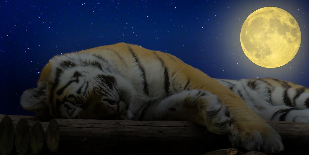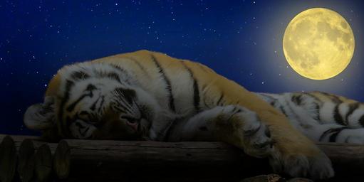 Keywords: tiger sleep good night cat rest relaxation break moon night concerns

◇ ◇ ◇ ◇ ◇

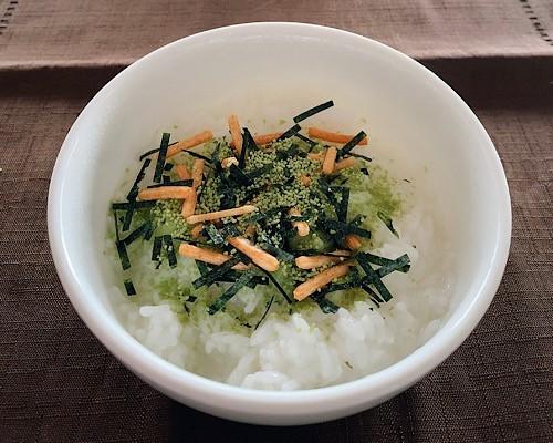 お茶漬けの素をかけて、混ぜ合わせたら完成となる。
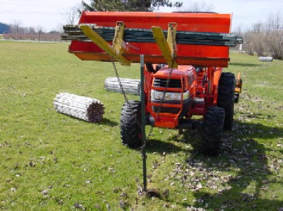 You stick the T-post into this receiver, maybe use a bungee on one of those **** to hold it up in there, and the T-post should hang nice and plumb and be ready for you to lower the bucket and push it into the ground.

◇ ◇ ◇ ◇ ◇

[THE TASK]:
In the entries above, every line from the line with "お茶漬けの素をかけて、混ぜ合わせたら完成となる。" to the line with "You stick the" is to be printed exactly, with both ends included and pictures excluded.

[TASK OUTPUT]:
 お茶漬けの素をかけて、混ぜ合わせたら完成となる。
 You stick the T-post into this receiver, maybe use a bungee on one of those **** to hold it up in there, and the T-post should hang nice and plumb and be ready for you to lower the bucket and push it into the ground.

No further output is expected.